As an article in “The Guardian” recounts, when Picasso lived in Nazi-occupied Paris during World War II, he had already completed “Guernica,” painted in response to a 1937 Nazi bombing of the small Basque Country town in Spain after which the masterpiece was named. A Nazi officer who raided Picasso’s apartment pointed at a photograph of the work and asked, “Did you do that?” Picasso’s response—“No, you did”—might be apocryphal, but remains instructive. Campbell and Khodabandeh’s work likewise shifts the lens of history’s camera to interrogate the perpetrators, rather than rob agency from the targets of their attack.

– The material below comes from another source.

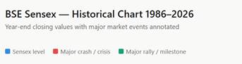 The pandemic triggered the fastest-ever bear market. Sensex fell from ~42,000 to below 26,000 in March 2020 — a 38% crash in weeks — before a dramatic recovery. - 2021 — Post-COVID boom
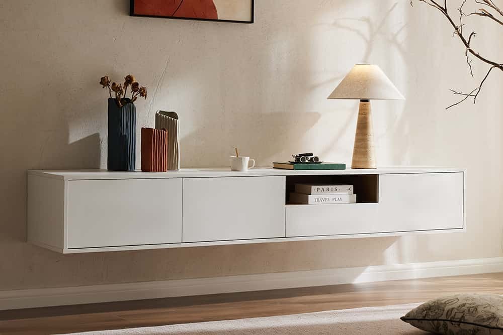 Stílusos TV asztal Arvo 200cm függő fehér - natúr barna

In interviews and panel discussions, Campbell repeatedly resists sentimentalization of his story. “These people got together because they were desperate,” he states in the “Comics Journal” interview. Given how factionalized the US still is, “obviously lessons weren’t learned,” he adds, but “we can learn lessons from this if we choose to.” As he reminds readers in his afterword, Primo’s story “is a story not unlike what many people experience today in their searches for a better life. I feel like it’s a story worth telling over and over until people no longer choose to forget what others go through.”